(Stored data entries)

◆ ◆ ◆

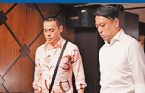
青雲(左)在《奪命金》有不錯表現。

香港文匯報訊 香港電影評論學會8日選出第十八屆「香港電影評論學會大獎」的五個獎項及七部推薦電影。此獎於每年率先頒發，被視為各電影獎項的風向儀。今屆經歷了長達八小時的激烈討論及三輪熱烈投票，葉德嫻眾望所歸，憑《桃姐》勇奪最佳女演員獎。劉青雲則以《奪命金》，第三次榮登學會大獎影帝。
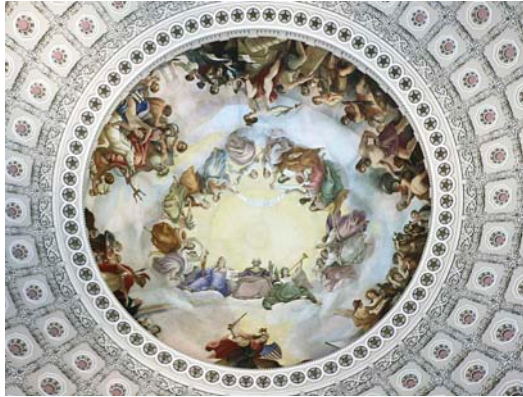
L'Apoteosi de Washington al fresc del Capitoli. A la dreta, Dylan Roof.
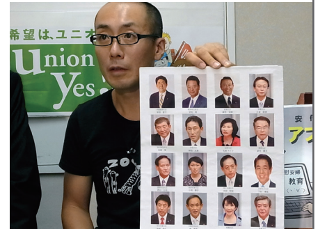
「超タカ派改造内閣」に負けないぞ！ (9/10)

確かにいま人々は「何かしなくては」と動きは始めている。昨年秋の「秘密保護法」強行可決、そして 7 月 1 日のクーデターともいふべき「集団的自衛権の閣議決定」など、安倍政権
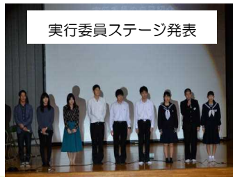
実行委員ステージ発表

11月11日(日)に本校にて「浅江中CS10周年記念事業」を開催しました。本事業は卒業生・在校生の代表が中心となって企画・運営をし、現在の「地域・家庭・学校」という「横のつながり」とともに、卒業した人と「地域・学校」の「縦のつながり」の一層の充実を祈念して行われました。まさに、浅江中CSのキャッチフレーズである「つながり日本一」を体感できるイベントとなりました。当日は、多数の皆様方にご来校いただきまして、誠にありがとうございました。
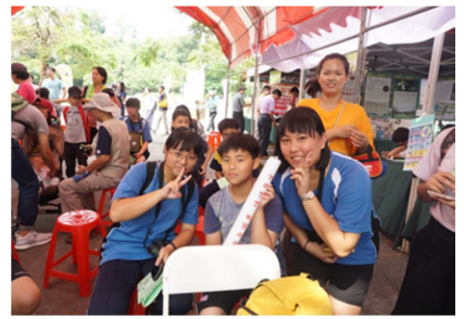
1081026【鳥松生態嘉年華】 得到獎品了
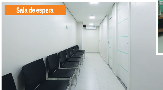
Sala de espera
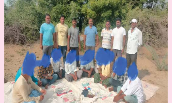
(షణ్ముఖ వెలుగు, పొదిలి, ఆగస్టు 12)

(షణ్ముఖ వెలుగు, పొదిలి, ఆగస్టు 12) మండలంలోని రాజుపాలెం గ్రామ పొలాలలో పేకాట ఆడుతున్నారన్న సమాచారం అందుకున్న పొదిలి ఎస్.ఐ జి కోటయ్య సిబ్బంది కలిసి దాడి చేశారు. ఈ దాడిలో 10మందిని అదుపులోకి తీసుకుని వారి నుంచి రూ.55,800 నగదును సీజ్ చేసి కేసు నమోదు చేసినట్లు ఎస్.ఐ తెలిపారు. ఈ దాడిలో పోలీసు సిబ్బంది పాల్గొన్నారు.
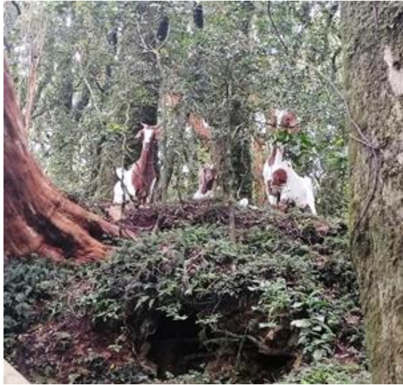
13 diciembre 2021. 3 cabras registradas en cuadrante 1 colonia nidificación fardela blanca. Reserva Nacional Isla Mocha.
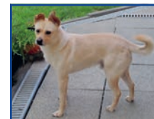
REGE 5 éves kistestű keverék kan
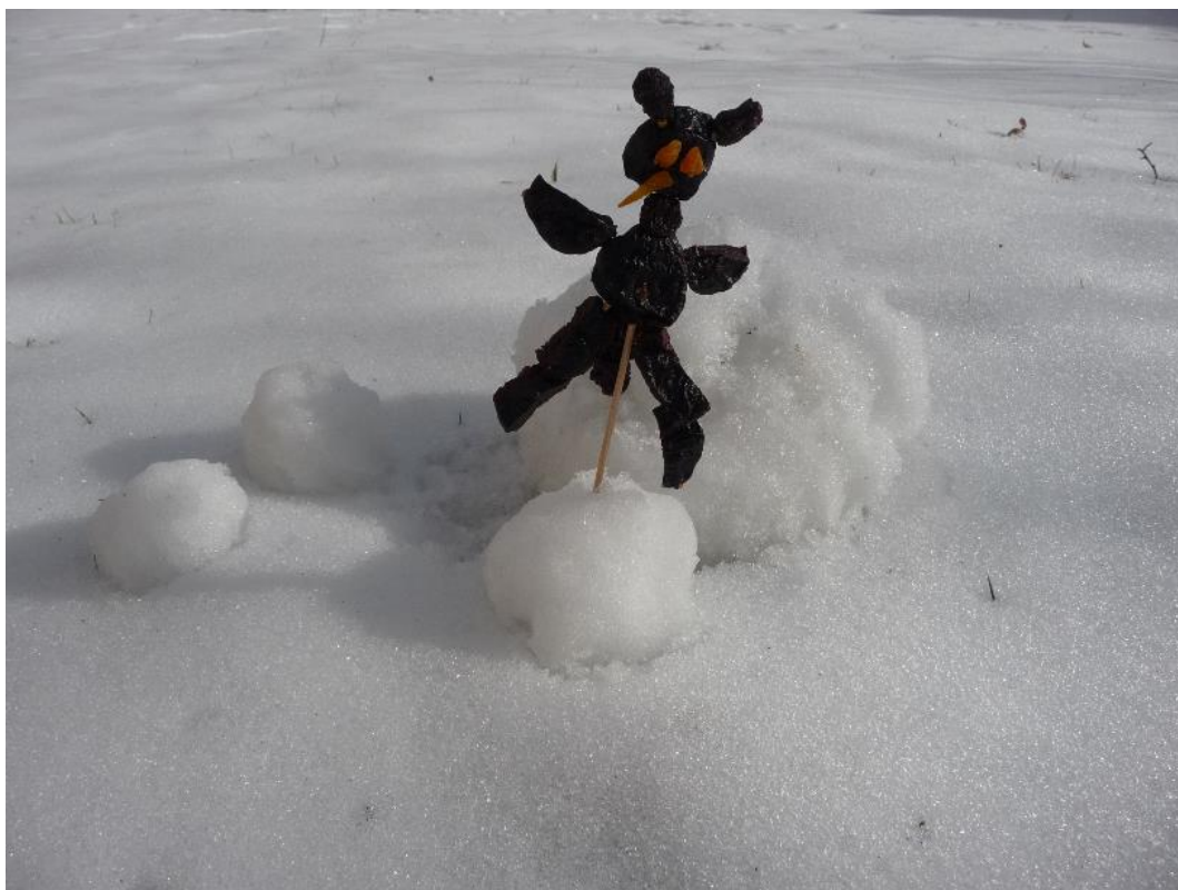
Obr. č. 9 – Čertík ze sušených švestek. Fotografie.
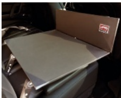
Angenehm: eine ebene und sichere Fläche

Dog Safety Bridge schafft nun genau diese ebene Fläche über die halbe oder ganze Rückbank und deckt außerdem noch die Lücke über dem Fußraum ab. Dank der vielen Verstellmöglichkeiten passt sie zu sehr vielen Fahrzeugtypen. Mit einem Positionierkissen kann das System auch auf Schalensitzen angewandt werden und findet dadurch stets einen sicheren, festen Halt. Die klappbare Fläche, die die Rückseite der Vordersitze schützt, schützt auch den Hund. Sicher ist es natürlich auch, denn es ist mit dem Dog Click & Safety Anschnall-System kompatibel und wird am Isofix-System im Auto fixiert. Ausbauen? – Einfach System zusammenklappen!
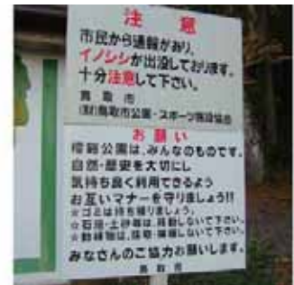
鳥取市民の憩いの場にも現れる

縄文時代から貴重なタンパク源のごちそうとして捕らえられてきたため、ただ食べるだけでなく、祭礼に捧げ、食後の骨は占いに用いるなど、天恵という認識に裏付けられた行為がうかがい知れる。弥生時代には、骨 こつぼく と あおや いって、シカやイノシシの肩甲骨に熱した棒を押し当てた焦げ目で吉兆を占う習慣があった。鳥取市 あおや 青谷町にある かみじち 青谷上寺地遺跡からは、全国でも最多のト骨が見つかり、肩だけでなく下あごの骨も同様の状態で出土した(『青谷上寺地遺跡の弥生人と動物たち』鳥取県教育委員会、平成18年3月)。
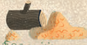
HARS Om het lichaam mee te bedekken nadat het gevuld is
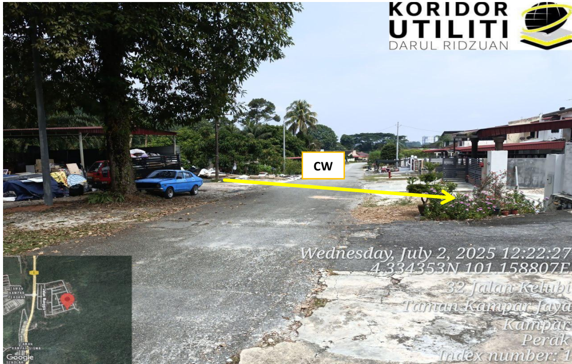
CADANGAN LALUAN BAGI KERJA KOREKAN TERBUKA (CW)
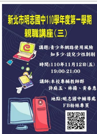
110-01 親職講座(三)宣傳海報
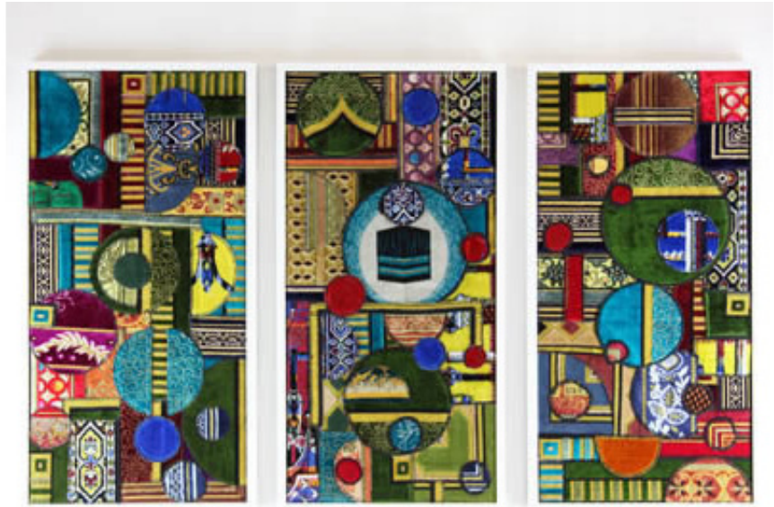
2011, triptych, collage with prayer rugs, 103 x53 cm each. Exhibition view from ARCO, ADN Galeria, 2015, Madrid.

Dès les VII e et VIII e siècles, les savants islamiques développaient des outils novateurs s'appuyant sur la science, les mathématiques et l'ingénierie. De magnifiques schémas et dessins représentant des roues, engrenages, machines, objets astronomiques ou optiques et pour d'autres usages, accompagnés de leurs textes et annotations, apparaissent dans les exemples les plus anciens de livres et manuscrits de cette époque. Durant cet Âge d'or islamique, ces savants étaient à la pointe de la technologie et de l'innovation, un riche héritage qu'on oublie souvent dans nos sociétés contemporaines. Inspiré en partie par ces images, Mounir Fatmi a commencé à explorer la relation entre la machine, la culture et la religion à travers un corpus d'œuvres comprenant de grandes installations vidéo telles que Temps Modernes et Technologia, et cette série de neuf collages sur toile, œuvres intitulées Mécanisation.

◆ ◆ ◆

Work request =
Tally up the lines of the data above where the string "Fläche" appears, and give only the count.

Answer =
2